My Yoga Story

1990.  photo: almost certainly my mom


photo: almost certainly my mom

Every body has a story. Here is mine. 

I love yoga. But my first love is dance. I began ballet class when I was five years old, and dance has been a driving passion ever since. I loved the music, discipline and community, even if I was never the most talented in class. When I was 16, I made the tough decision to quit my studio to focus on preparing for college. But beyond (extremely) lackluster participation in gym class, I didn't have much exposure to any other physical fitness.

Enter yoga. My mom suggested I try a class at her gym and I was immediately hooked. It's a little embarrassing to admit this now, but I don't even know what kind of yoga it was. If you're reading this and you're a yoga teacher in Central New Jersey named Cheryl who worked at a Bally's Fitness on Route 22 in the early aughts, get in touch. I even did my final project in Honors Physics on the science of yoga. (I got a B.) 
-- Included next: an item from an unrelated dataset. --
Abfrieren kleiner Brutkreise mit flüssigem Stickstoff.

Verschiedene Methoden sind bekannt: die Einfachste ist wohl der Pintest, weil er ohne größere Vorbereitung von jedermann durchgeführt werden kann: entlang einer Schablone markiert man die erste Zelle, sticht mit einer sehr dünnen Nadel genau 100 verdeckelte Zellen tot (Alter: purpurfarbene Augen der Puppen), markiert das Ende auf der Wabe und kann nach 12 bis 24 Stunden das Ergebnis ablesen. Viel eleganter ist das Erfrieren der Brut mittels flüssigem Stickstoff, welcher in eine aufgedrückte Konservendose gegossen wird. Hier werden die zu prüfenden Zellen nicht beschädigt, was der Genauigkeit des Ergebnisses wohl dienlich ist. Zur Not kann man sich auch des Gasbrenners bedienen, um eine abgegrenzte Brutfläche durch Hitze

Then I went to Northwestern and back to the dance studio. I loved dance classes at my college, and became deeply immersed in the open class community in New York while on breaks. After college, I leaned in to the dance world. Yoga was a fading memory.
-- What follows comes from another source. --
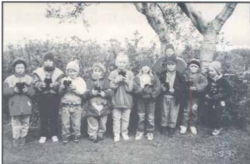
Börnin með plöntur sem þau ræktuðu sjálf og verða geymdar í skjólkassa í vetur og gróðursettar næsta vor.

Þar sem tilraunin tókst vel er ætlun okkar að halda þessu verkefni áfram.
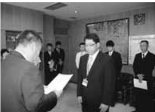
中逸町長から辞令を交付される玉東町職員ら

これは、玉名郡内の4町が相互に税務職員を派遣することで、各町の町税を徴収することを可

Then I got injured. It started slowly, tendinitis at the top of my hamstring. I started foam rolling. I tried ice, then heat. I got a cortisone injection and went to physical therapy. Then the pain spread to bursitis in my hips. I got another cortisone injection and a new physical therapist. 

I stopped jumping in dance class and got more cortisone injections. (I had a total of 11.) I cried. A lot. I tried Pilates. I tried to go back to yoga, but the strict alignment and holding of traditional Vinyasa left me sobbing in savasana. 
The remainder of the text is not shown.